I have a numpy.array items
of N~10^7 integers and a numpy.array coefficients
of N floats.
items
contains repeated entries, and only ~sqrt(N) unique entries.
I would like an array of unique entries unique_items
and an array of accumulated coefficients unique_coefficients
such that unique_coefficients[i]
is the sum over j
of coefficients[j]
such that items[j]=unique_items[i]
.
For example if we have
items = [1,1,2,2,3,4]
coefficients = [1,2,3,4,5,6]
then
unique_items = [1,2,3,4]
unique_coefficients = [3,7,5,6]
The first entry of unique_coefficients
is the sum of the 2 first entries of coefficients
because the two first entries of items
are 1 etc.
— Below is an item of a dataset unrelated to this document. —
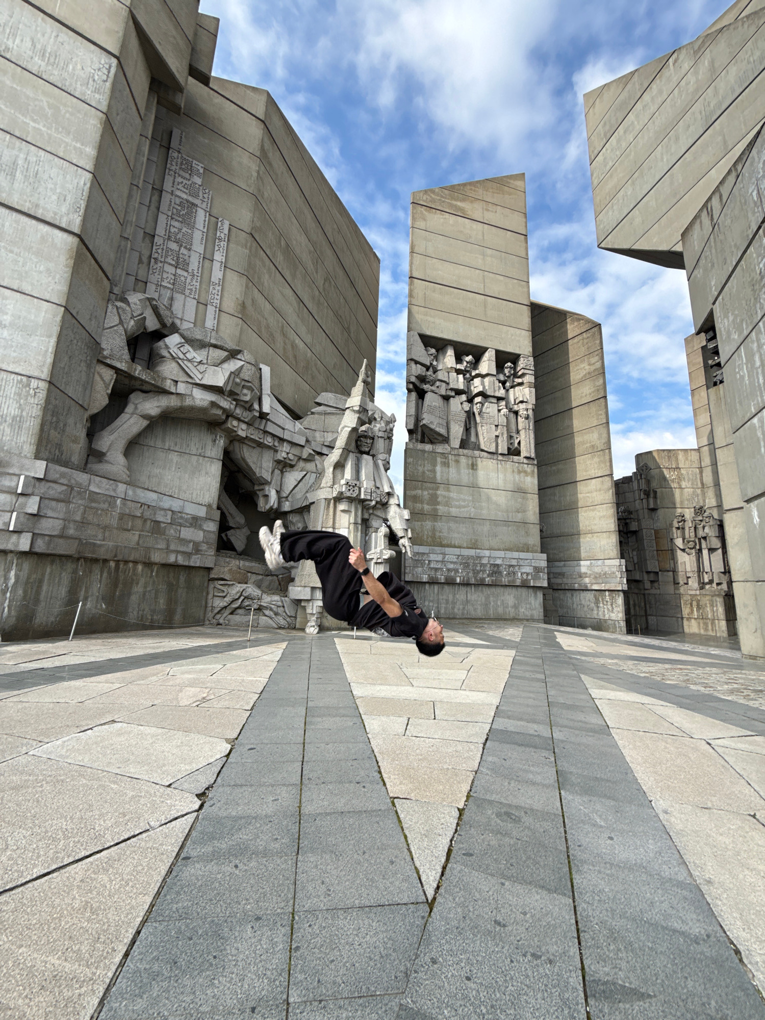 The image captures a man sitting on the architectural details of the Monument to 1300 Years of Bulgaria in Shumen, Bulgaria. The monument is a large, brutalist-style structure with abstract sculptures…read more

Note that items
is not necessarily sorted.
For now, I first compute a dict where each key is a unique element of items
, and each value is a list of indices of the element in items
, then I sum over the indices stored in this dict:
d = {}
for index, item in enumerate(items):
if not item in d:
d[item] = []
d[item].append(index)
unique_items = d.keys()
unique_coefficients = [np.sum(coefficients[i]) for i in d.values()]
Is there a way to avoid doing this python for loop and stay in numpy instead ? This for loop is where my code spends the most time.